Start of Records to use

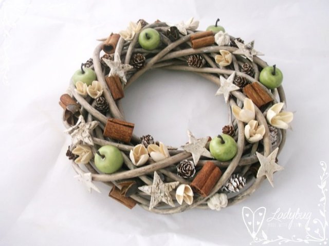 Piękny wianek świąteczny na szarobeżowej wiklinowej bazie z dodatkiem cynamonu i gwiazdek z kory brzozy, ożywiony zielonymi jabłuszkami. Urzeka prostotą i ponadczasowym wyglądem.
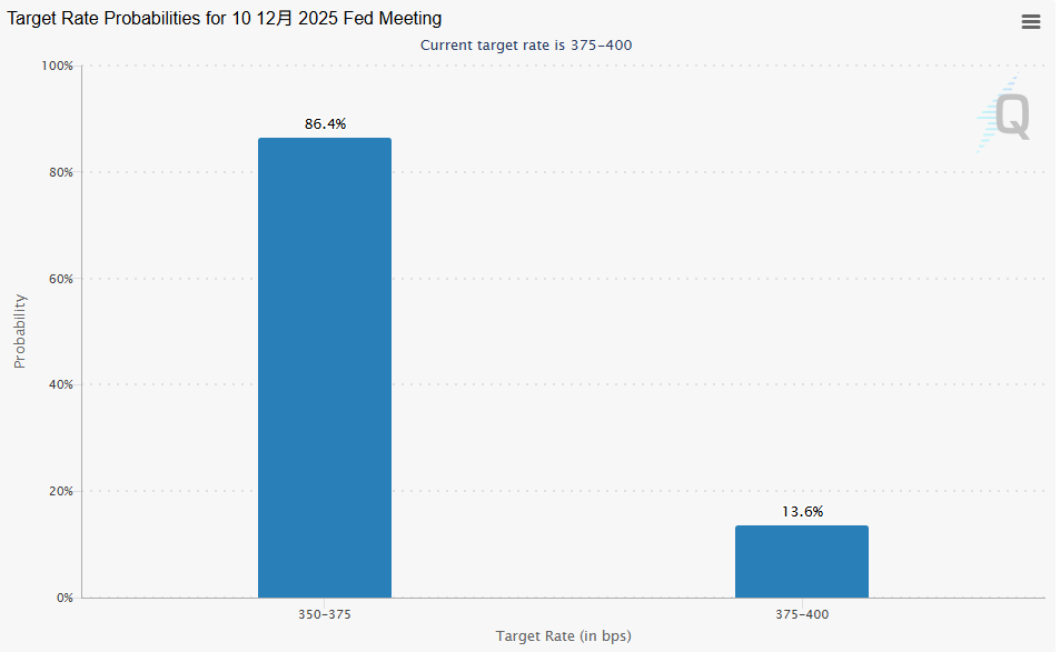 好消息是,在多位美联储官员表示愿意放松货币政策后,交易员们加大了对该行12月降息的押注。芝商所“美联储观察”工具显示,市场预计该行降息25个基点的概率为86.4%。
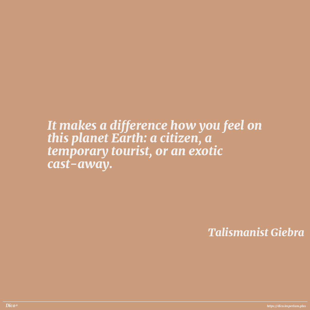 It makes a difference how you feel on this planet Earth: a citizen, a temporary tourist, or an exotic cast-away.
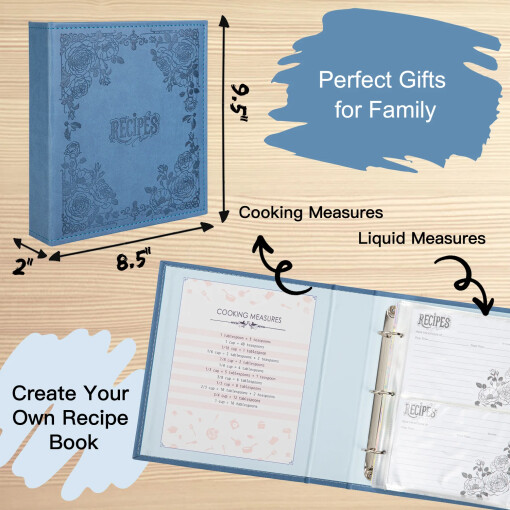 - The recipe book have enough room to hold all of your favorite recipes. With all the recipes in one place inside our recipe binder, cooking will be a breeze! This elegant recipe book holder includes: 1 x 8.5″(L)x9.5″(H)x2″(W), recipe binder spine, 40 x 4″x6″ recipe cards, 20 x clear protector sheets (each page holds two recipes), 12 x tabbed category dividers.
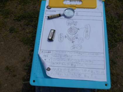 運動場で「春の生き物さがし」をしました。「だんごむし」「てんとうむし」「タンポポ」など…いろいろな生き物を発見。観察カードにしっかり記録していました。
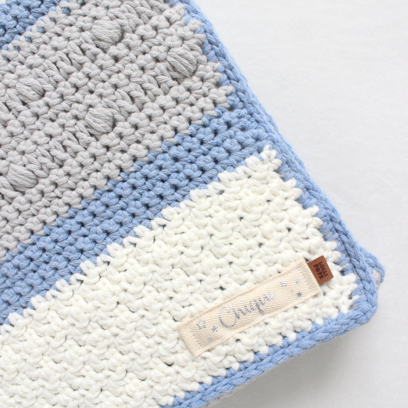 Manta Tejida Ellie Personalizada Crudo, Gris & Azul
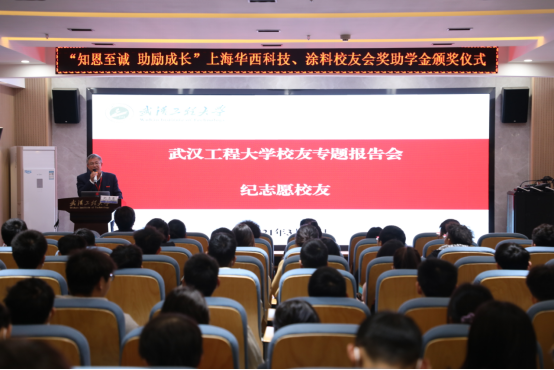 报告环节中,纪志愿校友分享了自身求学经历、创业故事、行业发展、设立奖学金的初衷和对母校的感恩之情,为同学讲述一堂生动的专业认同、行业认知教育课,提高学生对专业深入认识,希望工大学子不受家庭经济负担等因素影响,能专心完成学业,珍惜时光,努力汲取知识,释放光彩。

End of Records to use

*Required work*
From the records above, extract the lines from the one holding "好消息是,在多位美联储官员表" through the one holding "It makes a difference", word for word; omit the pictures.

*Exercise answer*
 好消息是,在多位美联储官员表示愿意放松货币政策后,交易员们加大了对该行12月降息的押注。芝商所“美联储观察”工具显示,市场预计该行降息25个基点的概率为86.4%。
 It makes a difference how you feel on this planet Earth: a citizen, a temporary tourist, or an exotic cast-away.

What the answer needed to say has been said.